Repeat the data word for word. Do not include the pictures.

**Source material:**

========================================================================

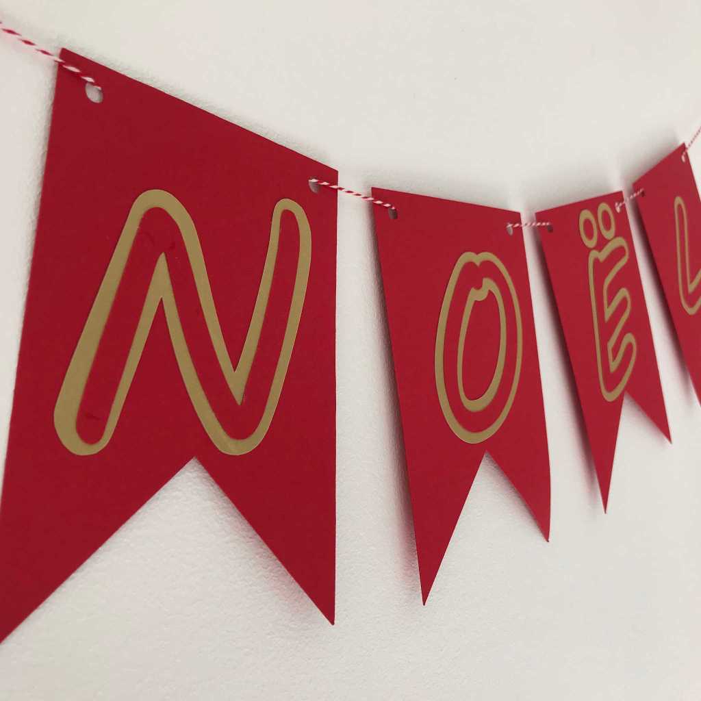 On commence par une banderole « Noël », découpée dans de beaux papiers Pollen de Clairefontaine, en rouge et or :
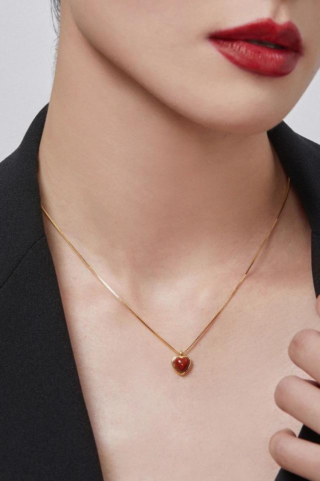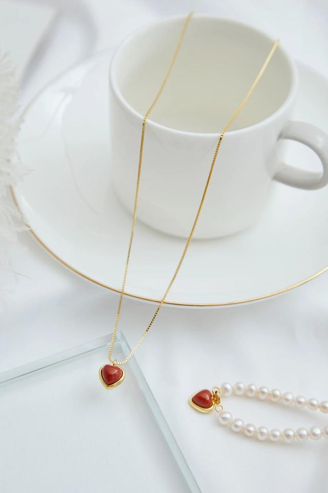 俏皮的 Little Red Heart南红小红心珍珠项链,是一款 4-5mm 的 baby 珍珠项链,在排列紧密有序的珍珠上,加入浓郁的点睛小桃心,南红的质地细腻温润,更有着夺目的光泽,深红色中融入了柿子红的浓郁。划线价 1057 元,现在897 元。
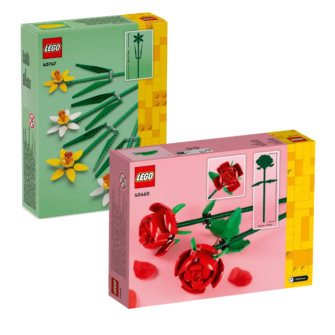 Ein Geschenk, das die Zeit überwindet. Zwei fantastische LEGO-Sets: Rote Rosen und Narzissen, perfekt, um Ihre eigene schöne Blumenarrangement zu erstellen. Jeder platzierte Gegenstand ist ein gemeinsamer Moment, jede gebaute Blume ist eine bleibende Erinnerung. Kein Wasser, kein Verwelken, nur unendliche Schönheit, die Tag für Tag dekoriert und bewegt. Ideal für diejenigen, die sowohl den kreativen Prozess als auch das bleibende Ergebnis schätzen.

========================================================================

**Task answer:**
 On commence par une banderole « Noël », découpée dans de beaux papiers Pollen de Clairefontaine, en rouge et or :
 俏皮的 Little Red Heart南红小红心珍珠项链,是一款 4-5mm 的 baby 珍珠项链,在排列紧密有序的珍珠上,加入浓郁的点睛小桃心,南红的质地细腻温润,更有着夺目的光泽,深红色中融入了柿子红的浓郁。划线价 1057 元,现在897 元。
 Ein Geschenk, das die Zeit überwindet. Zwei fantastische LEGO-Sets: Rote Rosen und Narzissen, perfekt, um Ihre eigene schöne Blumenarrangement zu erstellen. Jeder platzierte Gegenstand ist ein gemeinsamer Moment, jede gebaute Blume ist eine bleibende Erinnerung. Kein Wasser, kein Verwelken, nur unendliche Schönheit, die Tag für Tag dekoriert und bewegt. Ideal für diejenigen, die sowohl den kreativen Prozess als auch das bleibende Ergebnis schätzen.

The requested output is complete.